» Excerpted records
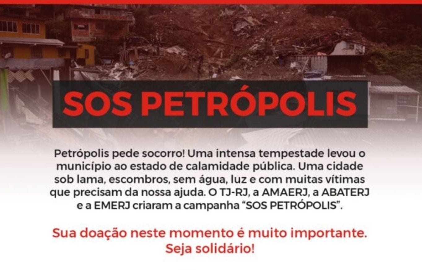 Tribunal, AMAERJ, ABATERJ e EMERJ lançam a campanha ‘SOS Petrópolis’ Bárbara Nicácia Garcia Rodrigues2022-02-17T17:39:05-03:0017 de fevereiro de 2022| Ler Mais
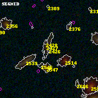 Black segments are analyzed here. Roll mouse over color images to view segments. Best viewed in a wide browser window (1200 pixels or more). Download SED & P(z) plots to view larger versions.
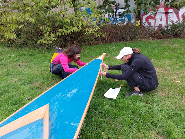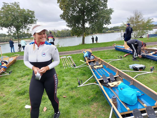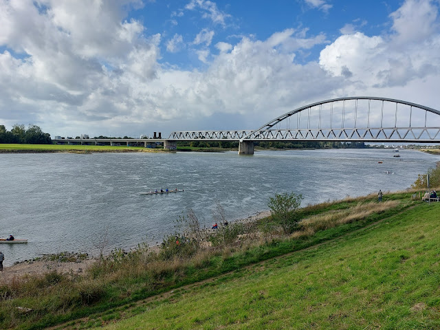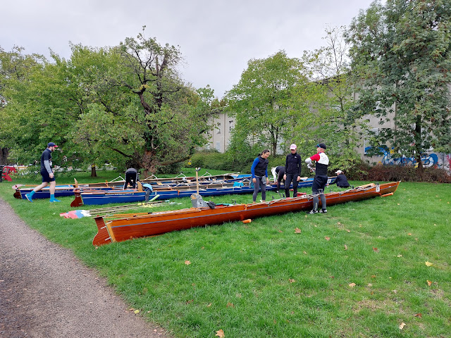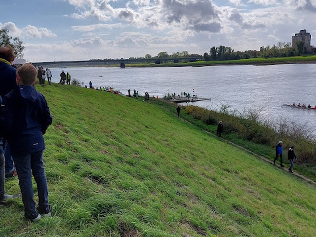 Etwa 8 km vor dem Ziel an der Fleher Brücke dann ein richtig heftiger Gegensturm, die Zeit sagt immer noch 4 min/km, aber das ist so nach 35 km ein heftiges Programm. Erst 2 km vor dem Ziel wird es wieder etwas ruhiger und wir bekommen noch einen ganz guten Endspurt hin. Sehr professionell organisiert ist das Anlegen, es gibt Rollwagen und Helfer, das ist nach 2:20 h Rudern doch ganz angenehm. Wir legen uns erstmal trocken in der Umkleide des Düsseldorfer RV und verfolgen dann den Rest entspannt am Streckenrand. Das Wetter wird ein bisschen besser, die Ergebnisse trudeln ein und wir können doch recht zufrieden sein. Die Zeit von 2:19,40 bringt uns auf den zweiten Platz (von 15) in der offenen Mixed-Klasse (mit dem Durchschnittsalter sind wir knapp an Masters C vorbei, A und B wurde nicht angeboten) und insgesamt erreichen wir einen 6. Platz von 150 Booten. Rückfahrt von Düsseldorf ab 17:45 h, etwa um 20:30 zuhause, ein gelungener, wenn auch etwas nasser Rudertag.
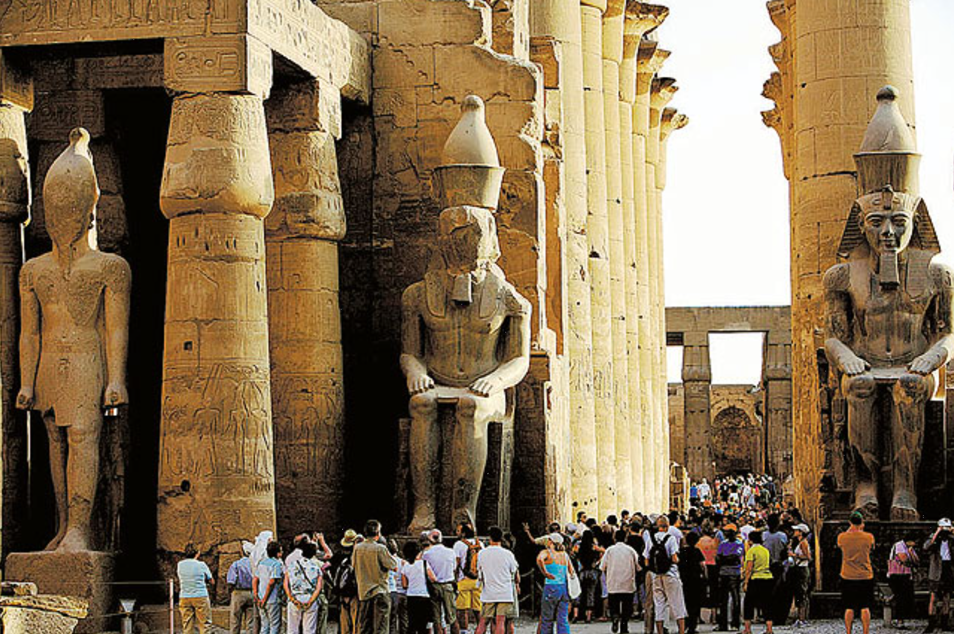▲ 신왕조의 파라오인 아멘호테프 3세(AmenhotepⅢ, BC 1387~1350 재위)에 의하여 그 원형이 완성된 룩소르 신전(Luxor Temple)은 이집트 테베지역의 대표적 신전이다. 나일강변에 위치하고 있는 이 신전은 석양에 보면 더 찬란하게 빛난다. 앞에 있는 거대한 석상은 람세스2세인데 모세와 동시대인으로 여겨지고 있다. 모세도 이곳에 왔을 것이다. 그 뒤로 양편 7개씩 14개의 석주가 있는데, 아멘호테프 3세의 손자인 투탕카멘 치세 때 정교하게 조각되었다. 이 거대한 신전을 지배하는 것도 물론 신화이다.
* * *
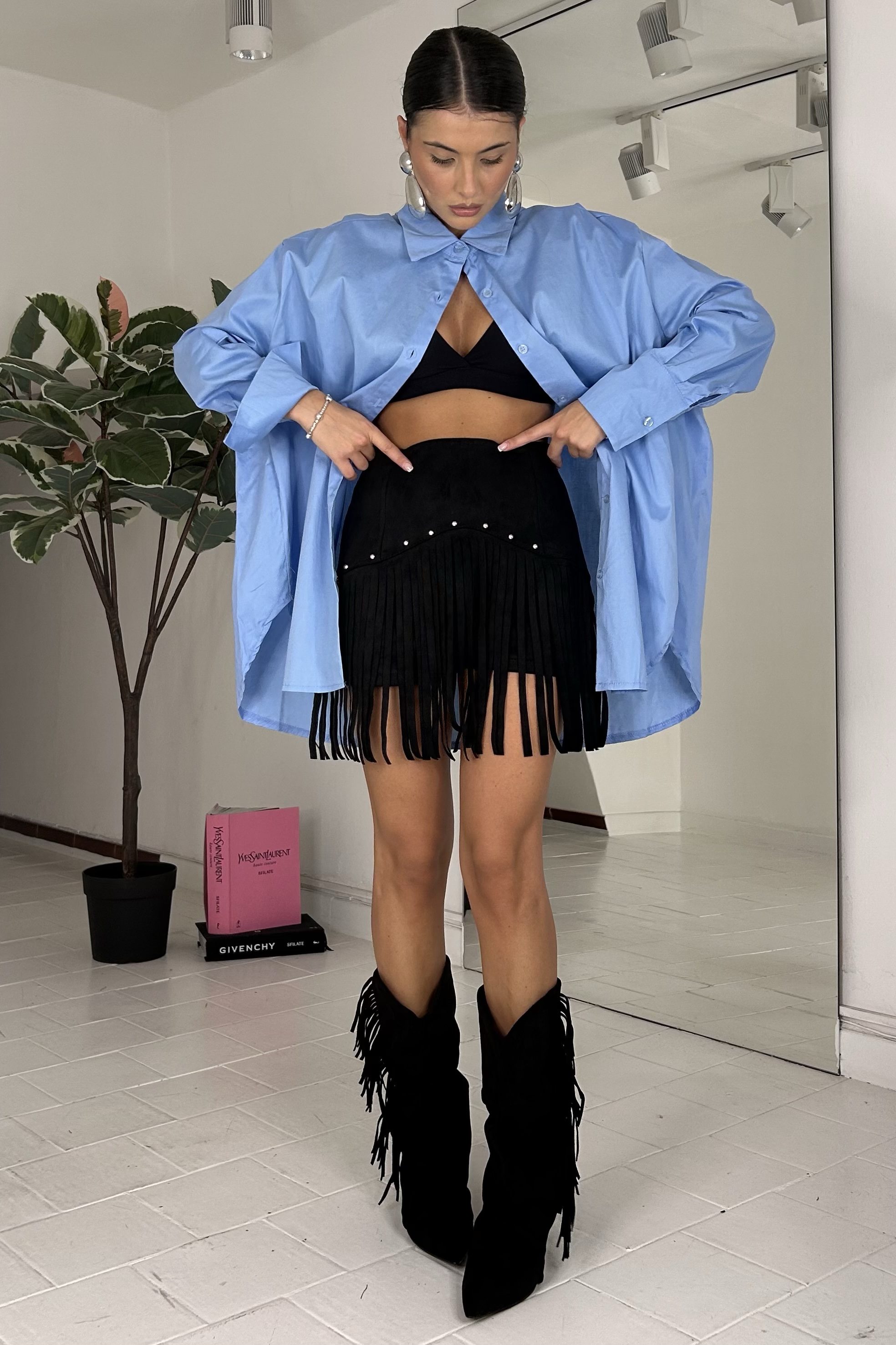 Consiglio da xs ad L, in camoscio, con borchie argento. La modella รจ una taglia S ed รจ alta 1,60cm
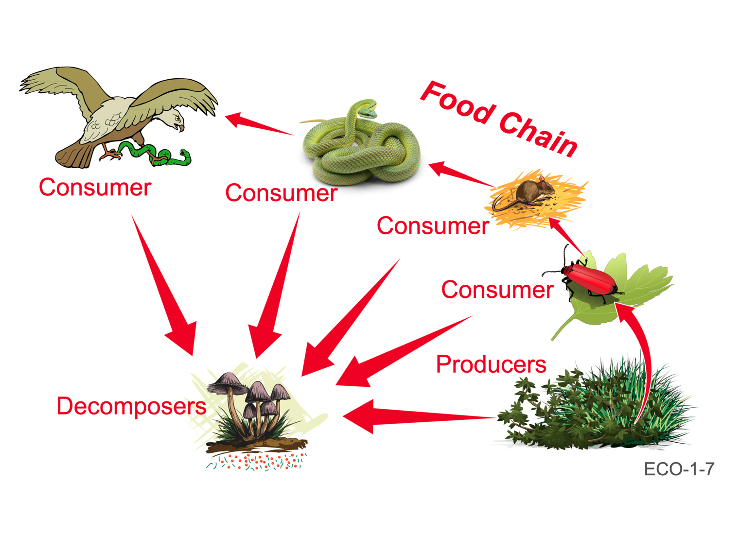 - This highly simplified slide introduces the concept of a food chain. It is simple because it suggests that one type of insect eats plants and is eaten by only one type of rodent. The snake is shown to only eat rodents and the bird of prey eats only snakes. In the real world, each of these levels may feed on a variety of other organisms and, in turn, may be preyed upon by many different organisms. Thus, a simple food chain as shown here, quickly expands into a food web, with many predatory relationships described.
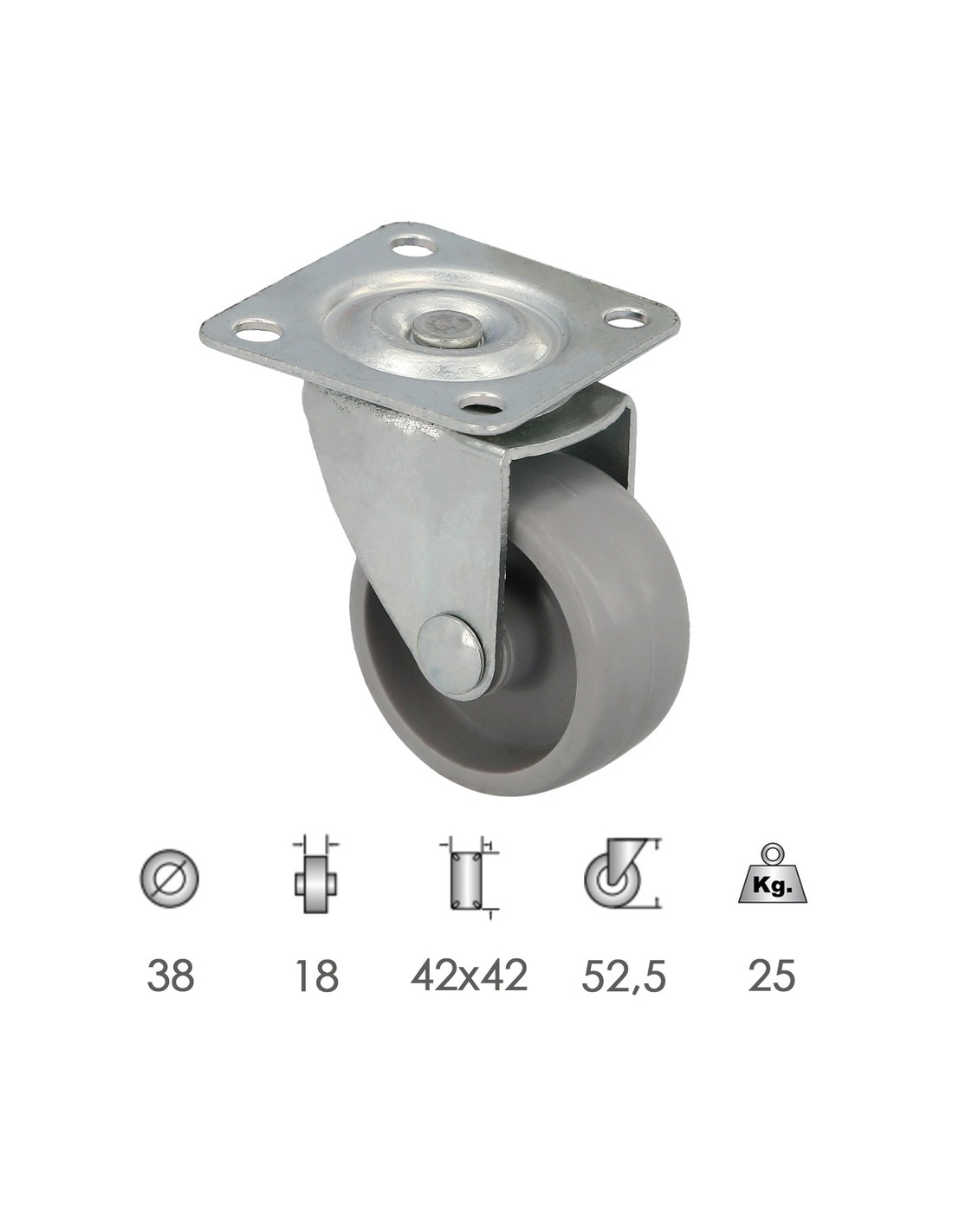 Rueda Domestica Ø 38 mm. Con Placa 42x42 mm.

» Prompt
Pictures are to be left out. Write out only the lines above starting at the one with "Tribunal, AMAERJ, ABATERJ" and ending at the one with "Black segments are", both lines included, exactly.

» Answer space
 Tribunal, AMAERJ, ABATERJ e EMERJ lançam a campanha ‘SOS Petrópolis’ Bárbara Nicácia Garcia Rodrigues2022-02-17T17:39:05-03:0017 de fevereiro de 2022| Ler Mais
 Black segments are analyzed here. Roll mouse over color images to view segments. Best viewed in a wide browser window (1200 pixels or more). Download SED & P(z) plots to view larger versions.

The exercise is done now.